Problem requirements>
The task calls for the lines below from the line with "物联网工程学院高度重视本科生" to the line with "山形で一番海に近い宿!全室オ", both ends included, copied exactly, without any pictures.

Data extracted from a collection
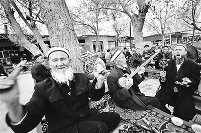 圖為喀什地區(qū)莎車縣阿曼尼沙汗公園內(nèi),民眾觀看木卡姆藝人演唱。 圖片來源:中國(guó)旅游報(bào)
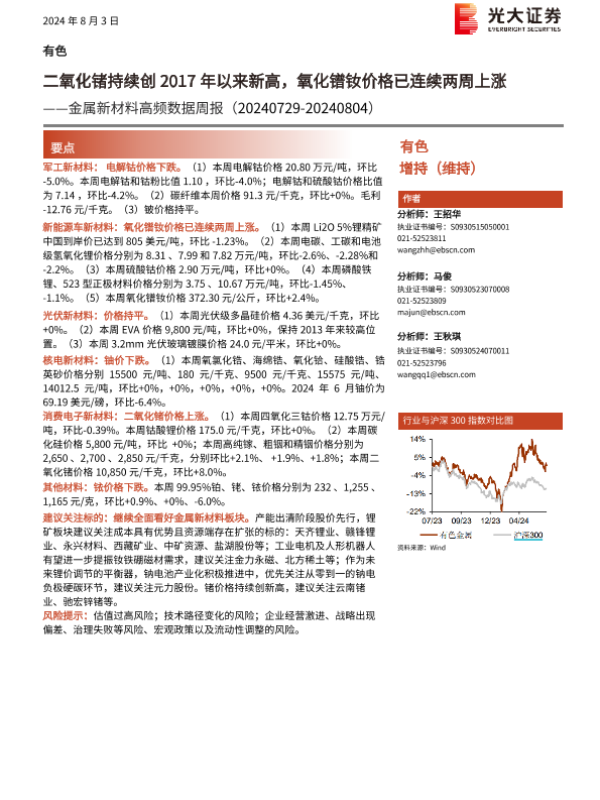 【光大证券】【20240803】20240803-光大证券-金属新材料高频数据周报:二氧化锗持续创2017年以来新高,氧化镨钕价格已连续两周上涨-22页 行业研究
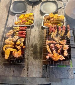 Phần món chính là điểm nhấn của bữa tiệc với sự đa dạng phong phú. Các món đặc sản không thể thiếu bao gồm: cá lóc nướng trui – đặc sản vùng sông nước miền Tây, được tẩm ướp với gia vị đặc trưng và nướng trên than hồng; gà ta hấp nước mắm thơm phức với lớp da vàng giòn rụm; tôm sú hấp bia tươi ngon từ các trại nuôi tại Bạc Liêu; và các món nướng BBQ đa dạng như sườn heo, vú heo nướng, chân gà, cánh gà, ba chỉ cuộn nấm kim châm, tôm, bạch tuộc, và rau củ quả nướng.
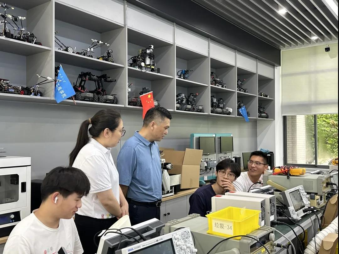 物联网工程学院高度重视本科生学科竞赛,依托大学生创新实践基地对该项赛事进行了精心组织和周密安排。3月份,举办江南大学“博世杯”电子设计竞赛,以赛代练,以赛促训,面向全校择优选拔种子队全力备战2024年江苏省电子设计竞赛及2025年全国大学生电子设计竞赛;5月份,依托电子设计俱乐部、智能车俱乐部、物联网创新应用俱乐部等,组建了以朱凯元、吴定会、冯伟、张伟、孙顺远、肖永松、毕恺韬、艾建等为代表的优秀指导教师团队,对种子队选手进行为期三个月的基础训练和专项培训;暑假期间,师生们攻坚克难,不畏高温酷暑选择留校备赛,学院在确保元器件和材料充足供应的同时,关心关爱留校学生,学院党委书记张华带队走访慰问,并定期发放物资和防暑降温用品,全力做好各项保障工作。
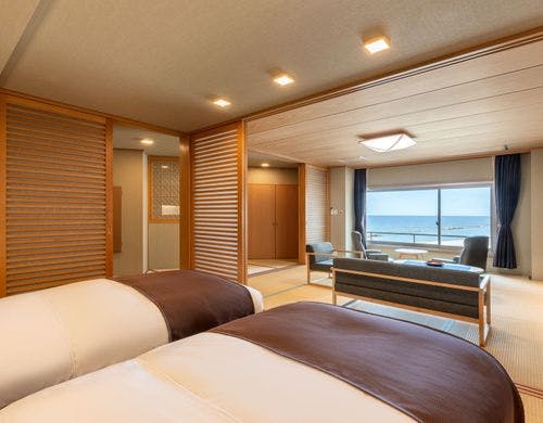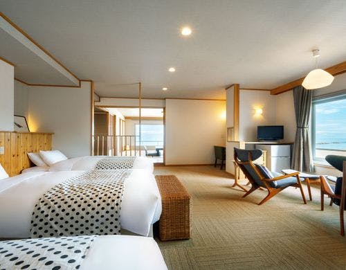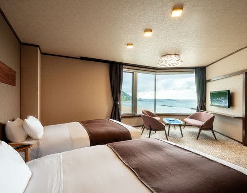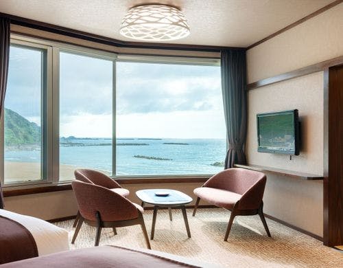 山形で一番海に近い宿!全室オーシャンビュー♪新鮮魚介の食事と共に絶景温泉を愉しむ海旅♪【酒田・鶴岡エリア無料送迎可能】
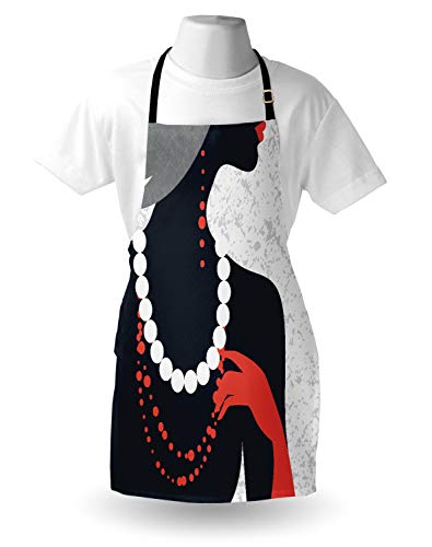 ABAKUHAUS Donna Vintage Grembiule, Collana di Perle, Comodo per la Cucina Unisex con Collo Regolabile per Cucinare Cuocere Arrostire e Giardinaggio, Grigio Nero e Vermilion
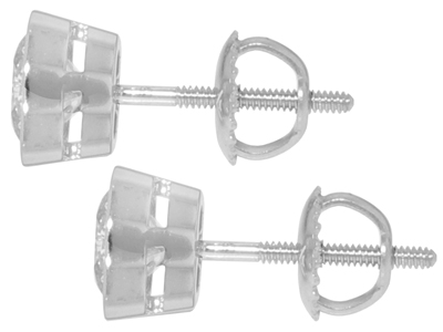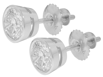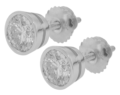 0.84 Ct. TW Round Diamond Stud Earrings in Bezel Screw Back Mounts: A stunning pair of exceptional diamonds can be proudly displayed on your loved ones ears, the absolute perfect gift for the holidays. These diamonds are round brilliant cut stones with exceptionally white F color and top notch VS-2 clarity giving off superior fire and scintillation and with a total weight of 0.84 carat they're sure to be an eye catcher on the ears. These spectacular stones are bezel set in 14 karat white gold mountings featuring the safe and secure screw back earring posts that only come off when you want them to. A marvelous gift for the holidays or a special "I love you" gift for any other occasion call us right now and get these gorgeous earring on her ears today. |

Result for this task>
 物联网工程学院高度重视本科生学科竞赛,依托大学生创新实践基地对该项赛事进行了精心组织和周密安排。3月份,举办江南大学“博世杯”电子设计竞赛,以赛代练,以赛促训,面向全校择优选拔种子队全力备战2024年江苏省电子设计竞赛及2025年全国大学生电子设计竞赛;5月份,依托电子设计俱乐部、智能车俱乐部、物联网创新应用俱乐部等,组建了以朱凯元、吴定会、冯伟、张伟、孙顺远、肖永松、毕恺韬、艾建等为代表的优秀指导教师团队,对种子队选手进行为期三个月的基础训练和专项培训;暑假期间,师生们攻坚克难,不畏高温酷暑选择留校备赛,学院在确保元器件和材料充足供应的同时,关心关爱留校学生,学院党委书记张华带队走访慰问,并定期发放物资和防暑降温用品,全力做好各项保障工作。
 山形で一番海に近い宿!全室オーシャンビュー♪新鮮魚介の食事と共に絶景温泉を愉しむ海旅♪【酒田・鶴岡エリア無料送迎可能】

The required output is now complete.